In their study, insights from the late, great American economist Jack Hirschleifer are intertwined into a piece by colleagues Michele Boldrin and David Levine to offer a fresh look at some fundamental questions of conflict resolution.
This piece examines the dynamics of conflict and the problem of time consistency. If a potential loser agrees to a concession, what guarantees are there that more demands are not then made? The article offers a rigorous proof of their theorem that "in the baseline case of common beliefs and identical time preferences, if the size of indivisibility is sufficiently small, conflict can always be avoided by a series of small concessions, with both parties recognizing that there will be additional concessions in the future."

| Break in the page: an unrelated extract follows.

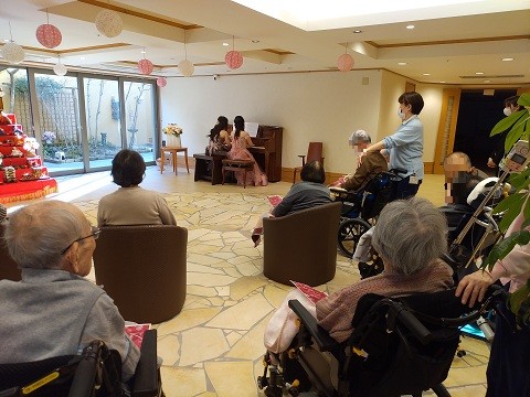 (ベルパージュ千里古江台)2月 迫力あるピアノ連弾~バレンタインコンサート~

Conflict is only avoidable when both parties agree that peace is preferable, but the degree to which a perceived winner is more impatient than a likely loser appears to be a key factor in the inevitability of conflict. The presence of indivisibilities in the allocation of resources or in the making of concessions can also impede the likelihood of harmonious outcomes.
The authors find that appeasement can be a good plan. When choice is possible, trade should be chosen over conflict. Hirschleifer states, "Warfare, even if there were not too much in the way of battle damage or even opportunity cost, would still not lead to a mutually desired reshuffling of the social totals."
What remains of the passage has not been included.